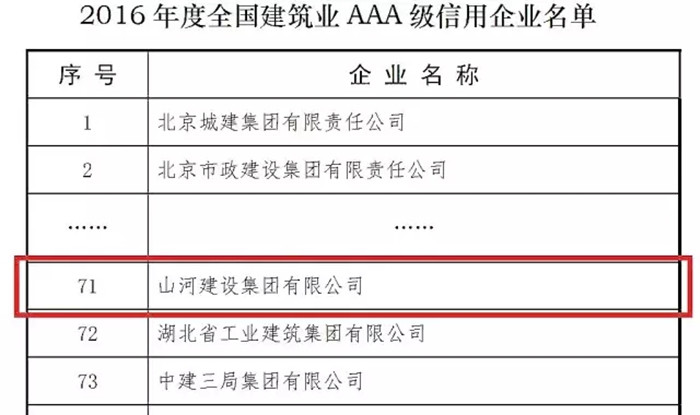 今年,全国建筑业AAA级信用企业共评选出110家企业,湖北省仅7家。
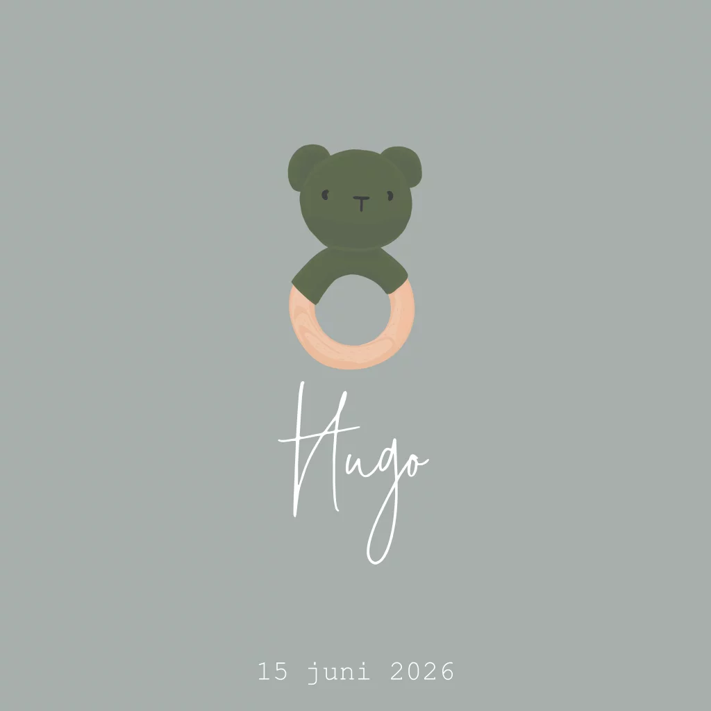 Leuk geboortekaartje voor een jongen, op de grijzige achtergrond staat de naam in trendy typografie in wit. Boven de naam een groen beertje als bijtring. Op de achterkant kun je een eigen foto uploaden in de online editor, daar pas je ook de tekst naar wens aan.
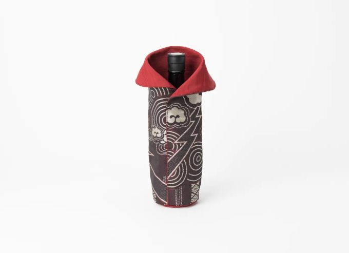 菅丞相が雷神と化したことを視覚的・象徴的に示すよう、歌舞伎の衣裳に表現された雲と雷の図案を参考にしながら、鎌倉時代から受け継がれる博多織献上柄のデザインと掛け合わせ再構築したオリジナル献上柄です。本事業では、上記で開発した博多織のオリジナル献上柄を使用したボトルカバーを制作しています。
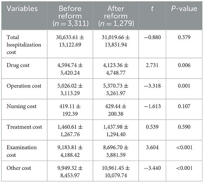 The drug cost and examination cost of the breast cancer cases after the reform were lower than those before the reform (P < 0.001). Liu et al. (7) reported that after the DIP payment reform, the proportions of drug cost and examination cost decreased in a tertiary hospital in Guangzhou, which was similar to the present research findings. The operation cost the cases after the reform were higher than that before the reform, as shown in Table 2. There were no differences in total hospitalization cost, nursing cost, and treatment cost between the two groups of patients before and after the DIP payment reform (both P > 0.05). A study conducted by Gan et al. (8) also revealed that the operation cost after the DIP payment reform was higher than that before the reform. Qu et al. (9) found that the medical insurance surplus for cases treated with surgery was higher than that for cases treated without surgery. The possible reasons include the following aspects: the DIP payment reform has established a “surplus retention and overspending sharing” mechanism, which prompts hospitals to actively control costs, optimize the treatment process, reduce the use of expensive drugs, and minimize excessive medication and excessive testing behaviors. The essence of the increase in operation cost for inpatients is value reconstruction, which objectively promotes the transformation of medical services from “relying on medicine to support medicine” to “relying on technology to support medicine” and enhances the technical value of doctors (10).
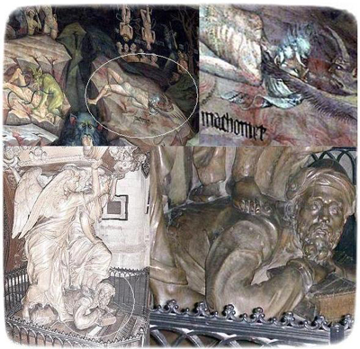 Üstte cehennemde Muhammed resmi ve altta iki dişi meleğin ayakları altında çiğnenen ve elinde Kur’an bulunan Hz. Muhammed tasviri (Belçika’da Dendermonde, Flanders’deki Church Of Our Lady Kilisesi’nde 17. yüzyıl sonlarında Mettehuz van Beveren tarafından yapılan, yaklaşık olarak da 300 yıldır sergilendiği kaydedilen ahşap heykel) “Avrupa Muhafazakarlarının Sesi” sloganıyla yayın yapan Brusselsjournal adlı haber sitesine göre, heykel, Hıristiyanlığın İslam üzerindeki üstünlüğünü, zaferini temsil ediyor.(Yeniçağ, 08/05/2008)
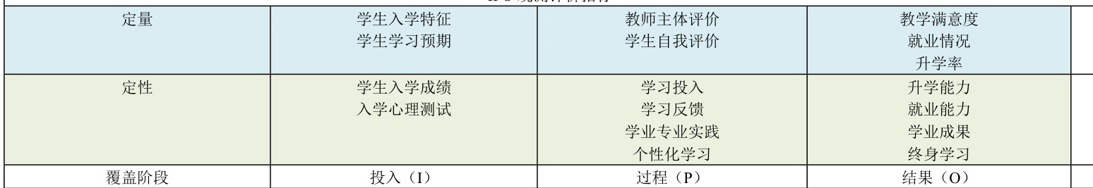 数智技术赋能下,探索确定可追溯的定性和定量观测评价指标是实现全过程育人质量评价的关键。大数据和人工智能时代,大学生核心素养体现了自身独特性和时代性,学生学习的重点不再是习得为将来从事某个职业所需要的特有知识、技能与方法,而是形成正确的价值观、强大的创新思维与创新能力,掌握自主学习的能力等。基于智能时代高职学生特点、学生核心素养、专业发展需求和职业生涯规划以及终身学习需求,基于科学规范、系统精准的评价原则和过程 + 结果 + 增值的综合评价理念,依托大数据和人工智能技术辅助,聚焦思政教育全过程覆盖、个人成长发展全过程追踪,探索确定IPO精确的定性和定量相辅相成的观测评价指标,实现追踪记录全过程育人质量评价。

----

• Task directions
Could you retype every record exactly, leaving the pictures out?

• Exercise response
 今年,全国建筑业AAA级信用企业共评选出110家企业,湖北省仅7家。
 Leuk geboortekaartje voor een jongen, op de grijzige achtergrond staat de naam in trendy typografie in wit. Boven de naam een groen beertje als bijtring. Op de achterkant kun je een eigen foto uploaden in de online editor, daar pas je ook de tekst naar wens aan.
 菅丞相が雷神と化したことを視覚的・象徴的に示すよう、歌舞伎の衣裳に表現された雲と雷の図案を参考にしながら、鎌倉時代から受け継がれる博多織献上柄のデザインと掛け合わせ再構築したオリジナル献上柄です。本事業では、上記で開発した博多織のオリジナル献上柄を使用したボトルカバーを制作しています。
 The drug cost and examination cost of the breast cancer cases after the reform were lower than those before the reform (P < 0.001). Liu et al. (7) reported that after the DIP payment reform, the proportions of drug cost and examination cost decreased in a tertiary hospital in Guangzhou, which was similar to the present research findings. The operation cost the cases after the reform were higher than that before the reform, as shown in Table 2. There were no differences in total hospitalization cost, nursing cost, and treatment cost between the two groups of patients before and after the DIP payment reform (both P > 0.05). A study conducted by Gan et al. (8) also revealed that the operation cost after the DIP payment reform was higher than that before the reform. Qu et al. (9) found that the medical insurance surplus for cases treated with surgery was higher than that for cases treated without surgery. The possible reasons include the following aspects: the DIP payment reform has established a “surplus retention and overspending sharing” mechanism, which prompts hospitals to actively control costs, optimize the treatment process, reduce the use of expensive drugs, and minimize excessive medication and excessive testing behaviors. The essence of the increase in operation cost for inpatients is value reconstruction, which objectively promotes the transformation of medical services from “relying on medicine to support medicine” to “relying on technology to support medicine” and enhances the technical value of doctors (10).
 Üstte cehennemde Muhammed resmi ve altta iki dişi meleğin ayakları altında çiğnenen ve elinde Kur’an bulunan Hz. Muhammed tasviri (Belçika’da Dendermonde, Flanders’deki Church Of Our Lady Kilisesi’nde 17. yüzyıl sonlarında Mettehuz van Beveren tarafından yapılan, yaklaşık olarak da 300 yıldır sergilendiği kaydedilen ahşap heykel) “Avrupa Muhafazakarlarının Sesi” sloganıyla yayın yapan Brusselsjournal adlı haber sitesine göre, heykel, Hıristiyanlığın İslam üzerindeki üstünlüğünü, zaferini temsil ediyor.(Yeniçağ, 08/05/2008)
 数智技术赋能下,探索确定可追溯的定性和定量观测评价指标是实现全过程育人质量评价的关键。大数据和人工智能时代,大学生核心素养体现了自身独特性和时代性,学生学习的重点不再是习得为将来从事某个职业所需要的特有知识、技能与方法,而是形成正确的价值观、强大的创新思维与创新能力,掌握自主学习的能力等。基于智能时代高职学生特点、学生核心素养、专业发展需求和职业生涯规划以及终身学习需求,基于科学规范、系统精准的评价原则和过程 + 结果 + 增值的综合评价理念,依托大数据和人工智能技术辅助,聚焦思政教育全过程覆盖、个人成长发展全过程追踪,探索确定IPO精确的定性和定量相辅相成的观测评价指标,实现追踪记录全过程育人质量评价。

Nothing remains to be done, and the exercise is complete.